The title of Judith Linhares’s current exhibition at PPOW Gallery, The river is moving, The blackbird must be flying, consists of the 12th stanza of Wallace Stevens’s poem “Thirteen Ways of Looking at a Blackbird” (1917). Together, the two short sentences imply, on the one hand, what we observe and, on the other, what we surmise and imagine: “The river moves. The blackbird must be flying.”
Linhares’s paintings, comprising just a few elements yet bodied forth in endless permutations of the paint and marks that constitute them, might at first seem an easy read. The apparent rapidity of the renderings in the 17 canvases (all 2023–24) is deceptive. Their images live mainly on or just behind the front plane and are perfectly lucid. But they are built of myriad constellations of facture — the full, sure strokes that delineate an image even as they disassemble it in facets of color; the radiant diagonals that make the childlike scenes glow with a light bred of opacity; paint laid on thickly even when it depicts translucency. A tight compression of flowers at the center of the still lifes gives way to a riot of patterning that opens the compositions, propelling them forward, landing directly on the nervous system. In “Freya’s Flowers,” the multicolored orbs of a tablecloth pattern tumble toward us like a visual rockslide as the prim cluster of blooms and neatly striped wallpaper stand in abeyance. The still life is anything but still.
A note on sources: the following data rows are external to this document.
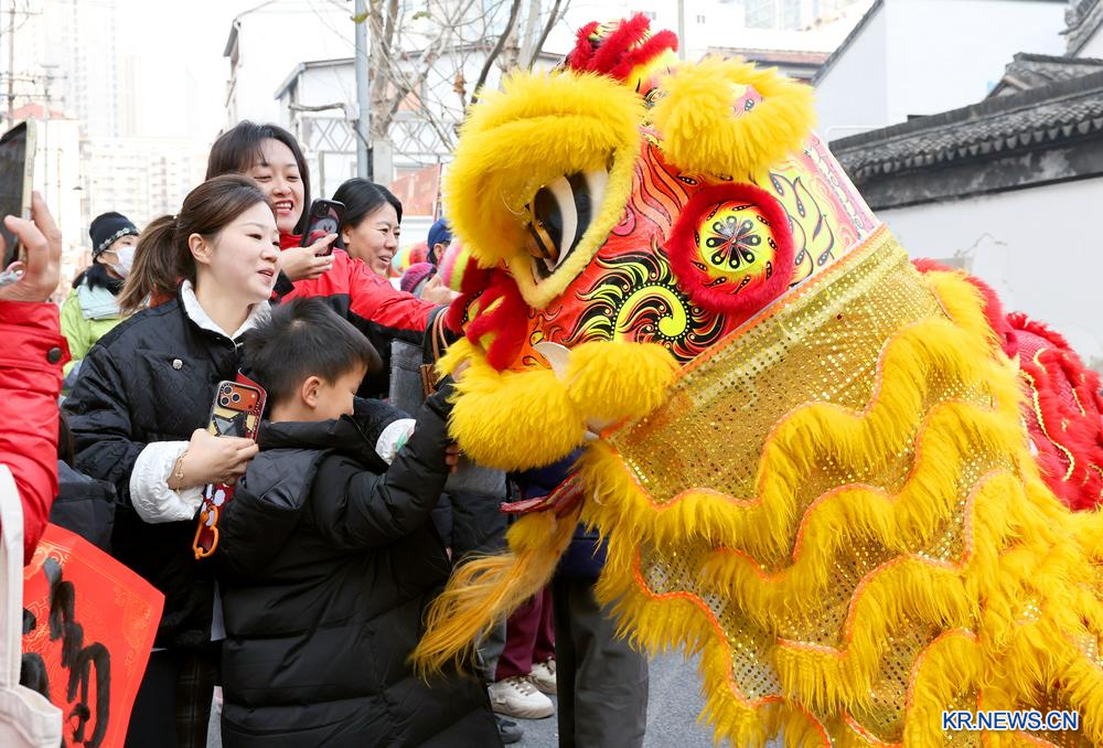 12일 상하이에서 열린 '제21회 라오시먼(老西門) 춘롄(春聯·음력설 대문이나 기둥에 붙이는 글귀)대회'에서 사자춤 공연단과 상호작용하는 관광객.
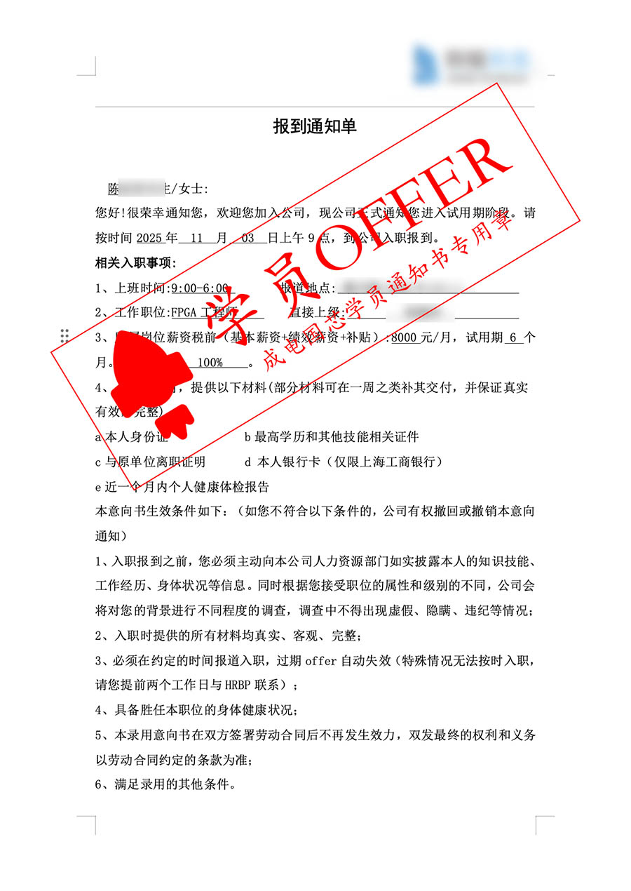 在秋招季的焦虑浪潮中,成电国芯学员桂同学的故事像一束光穿透迷雾——这位计算机专业应届本科生,手持FPGA开发工程师录用通知,试用期薪资8K的消息在校园里引发热议。这个数字背后,不仅是一份工作的起点,更是当代青年在芯片产业浪潮中把握机遇的生动注脚。
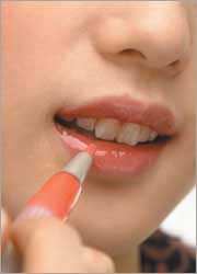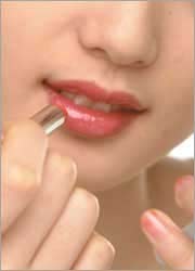 用橙色唇彩涂抹嘴唇内侧,再用含有橙色闪光粉轻轻涂抹嘴唇内侧,从而打造透明闪亮的美丽嘴唇。
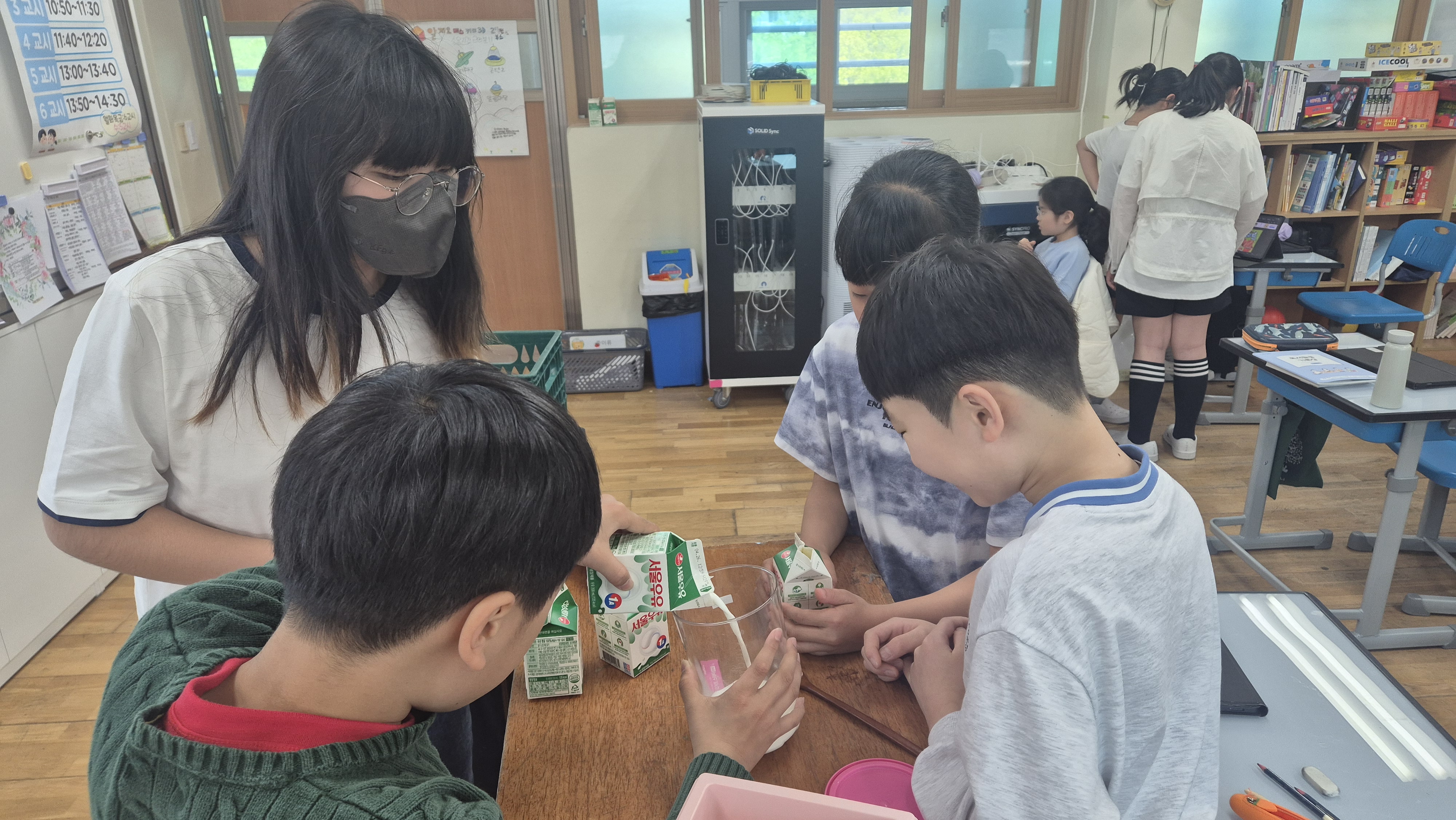 *학생들이 남은 우유를 활용해 요거트를 만드는 자원순환 활동에 참여하고 있다. (사진=서울당현초 제공)

Linhares’s narratives present both whimsy and menace. The two largest paintings (each around 67 inches wide) convey fairytales of labor. In “Housekeeping,” an odalisque reclines on a quilted blanket, their head thrown back and feet pressed toward a roaring fire. Rendered in strokes of blue, their face an inverted, mask-like skull with gaping black features, the figure is a deathly presence that renders the fire futile. Behind, four small, goblin-like women link hands, one holding a broom, ominously. They have emerged from a little house to one side. The warm colors that compose them seem to absorb the rays of a huge sun, illuminated windows, and a field of harvest gold, as a rocky orb hovers elsewhere in the sky. In “Clearing,” one woman chops wood as a second sits nearby on the cut logs, an empty bucket fallen from her hand. This slacker, scowling, is mainly purple, while the laborer is orange: coolness and heat set up as oppositions. All takes place in nature entirely fabricated of chroma and pattern — grounds of riotously patterned cloths and skies that cascade as theatrical backdrops.
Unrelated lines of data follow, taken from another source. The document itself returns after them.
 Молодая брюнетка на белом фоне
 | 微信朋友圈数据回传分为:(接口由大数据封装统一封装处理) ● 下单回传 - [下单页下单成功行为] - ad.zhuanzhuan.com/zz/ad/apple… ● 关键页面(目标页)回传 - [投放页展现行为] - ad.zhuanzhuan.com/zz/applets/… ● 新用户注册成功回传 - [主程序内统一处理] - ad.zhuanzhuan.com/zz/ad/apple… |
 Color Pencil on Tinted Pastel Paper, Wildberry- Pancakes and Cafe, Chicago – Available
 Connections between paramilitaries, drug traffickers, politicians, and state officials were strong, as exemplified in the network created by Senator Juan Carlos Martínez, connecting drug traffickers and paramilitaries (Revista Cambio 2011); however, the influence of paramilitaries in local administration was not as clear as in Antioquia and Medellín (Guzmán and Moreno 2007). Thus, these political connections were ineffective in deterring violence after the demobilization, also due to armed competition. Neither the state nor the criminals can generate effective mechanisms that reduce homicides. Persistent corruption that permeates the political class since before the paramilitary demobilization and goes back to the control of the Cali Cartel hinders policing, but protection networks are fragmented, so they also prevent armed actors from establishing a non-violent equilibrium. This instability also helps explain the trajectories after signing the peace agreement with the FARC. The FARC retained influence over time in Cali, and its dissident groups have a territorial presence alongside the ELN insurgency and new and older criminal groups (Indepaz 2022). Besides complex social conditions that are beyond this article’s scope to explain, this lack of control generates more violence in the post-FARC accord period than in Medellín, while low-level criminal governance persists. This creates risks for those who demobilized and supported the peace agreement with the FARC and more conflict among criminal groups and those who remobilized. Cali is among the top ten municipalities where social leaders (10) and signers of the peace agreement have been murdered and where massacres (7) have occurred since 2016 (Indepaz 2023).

One is hard pressed to solve the riddles posed. Why is the blue lady cradling a rabbit? Is the queen of hearts being addressed in a letter? Is a genie about to emanate from a lit lamp, its rays bending the surrounding air, or is he safely ensconced as the sketch of a man in a robe hanging on the wall nearby? The works evoke the colored interiors of Matisse and Bonnard. An image of a lion menacing a pair of embracing lovers recalls Rousseau and Brancusi. The throwback to Modernism is entirely welcome, as is the slowness of looking demanded by Linhares, at the peak of her abilities.



Judith Linhares: The river is moving, The blackbird must be flying continues at PPOW Gallery (392 Broadway, Tribeca, Manhattan) through April 19. The exhibition was organized by the gallery.